The original Lincoln Highway Association national headquarters occupied office 2115 on the 21st floor from 1913 to 1928.

For several years through 1983, the building housed the headquarters of Bank of the Commonwealth until that bank merged with Comerica. In 2002, a $40-million renovation was completed.

In August 2011, Quicken Loans founder Dan Gilbert purchased the building along with the nearby Qube, First National Building and Wright-Kay Building.On April 30, 2012, Gilbert and Chrysler Group LLC chairman Sergio Marchionne announced that Chrysler will move its Great Lakes Business Center and some executive offices, with approximately 70 employees, into the two top floors of the building. As part of the lease, the building was renamed for the company.

Architecture
The tower was designed in the Neoclassical architectural style by Daniel Burnham. The steel-framed structure is faced with white glazed brick and terra cotta trim. The most distinctive feature is the central light court which begins on the third floor and creates a U-shaped floor plan on the upper office floors. This feature can be seen in an earlier version on Burnham's Miner's National Bank Building, now Citizens Bank financial Center, completed one year earlier in downtown Wilkes-Barre, Pennsylvania. Miner's National Bank is a similar, but smaller-scale design with the main banking hall in the space below the light court and featuring a large skylight. A later expansion of the building altered the U-shape of the upper floors.

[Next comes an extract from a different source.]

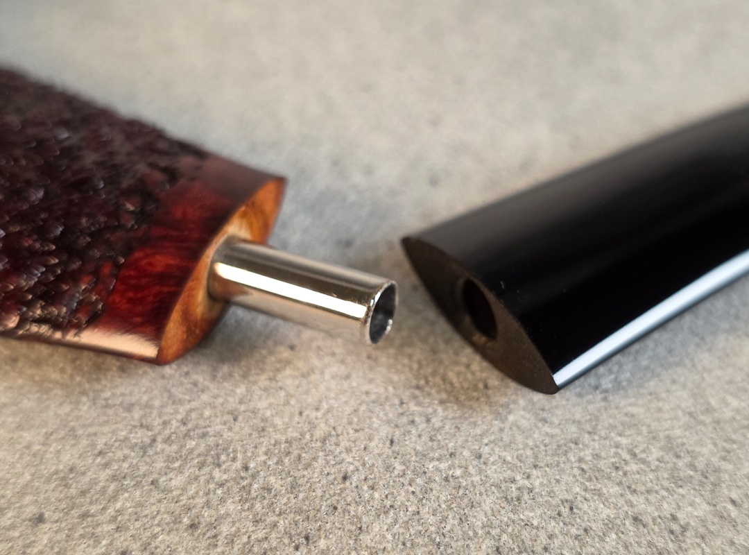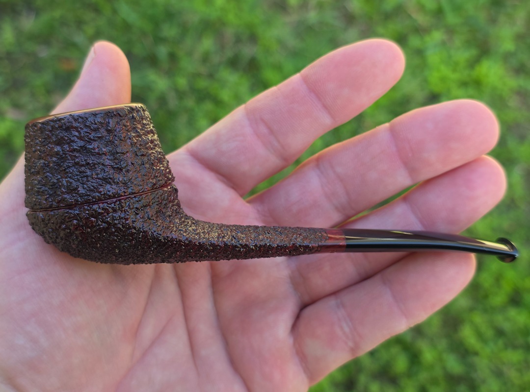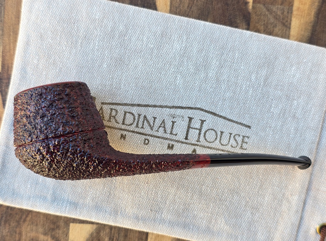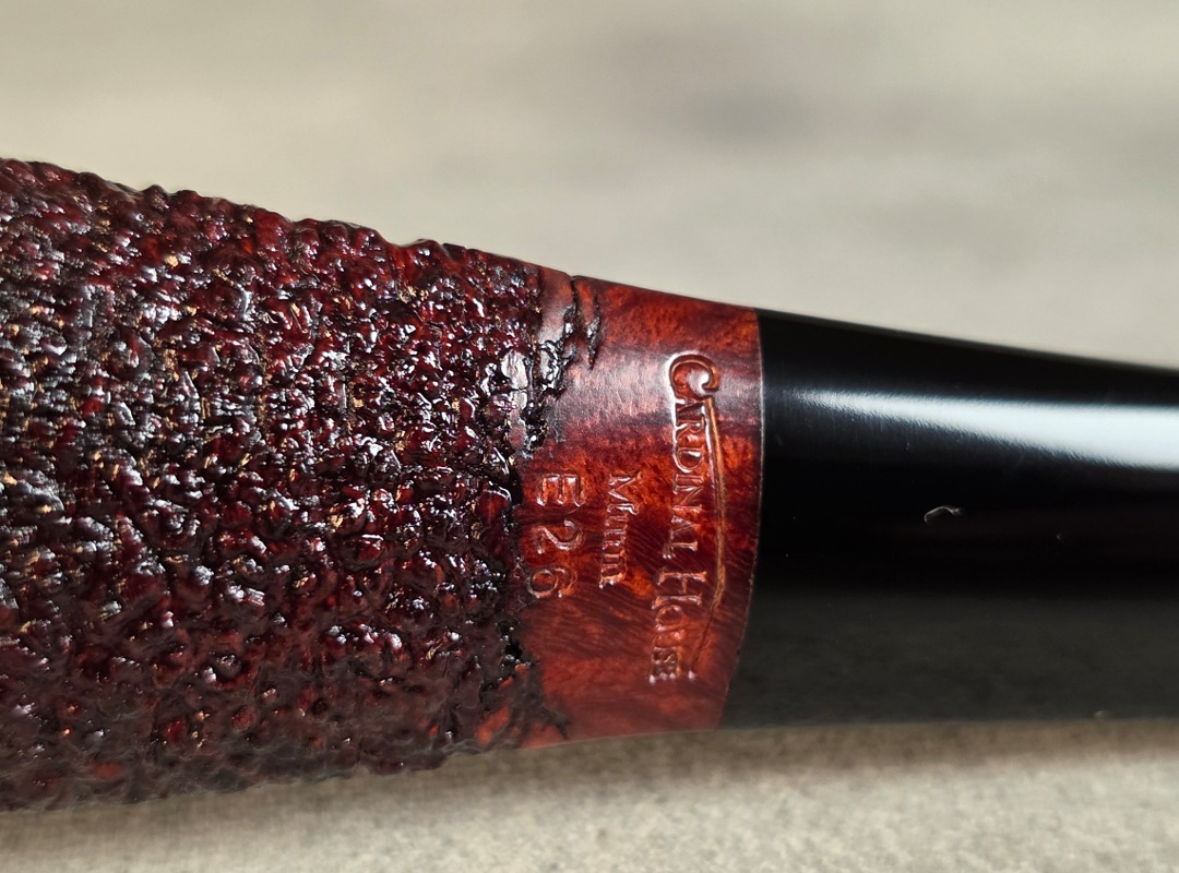 ThisĀ Cardinal House pipes Munn series Rhodesian shaped briar pipe features a wide, flat shank reinforced with stainless steel tubing with a stainless tenon. The stem is expertly hand-cut from black NYH German Ebonite rod.

In a subsequent renovation, the lower two floors were refaced with gray granite and a pediment above the central entrance and cornice were removed.

Gallery

See also

List of tallest buildings in Detroit
FCA US LLC Headquarters and Technology Center
Sergio Marchionne

References

Further reading

Duggan, Daniel. "Dime Building renamed Chrysler House as automaker moves workers into space in downtown Detroit." Crain's Detroit Business. April 30, 2012.
Hoffman, Bryce G. "Chrysler opens Detroit office in former Dime Building." The Detroit News. September 24, 2012.
Gallagher, John. "Quicken Loans helps welcome Chrysler to historic new digs today." Detroit Free Press. April 30, 2012.
"Marchionne, 70 employees moving to Detroit's Dime Building." The Detroit News.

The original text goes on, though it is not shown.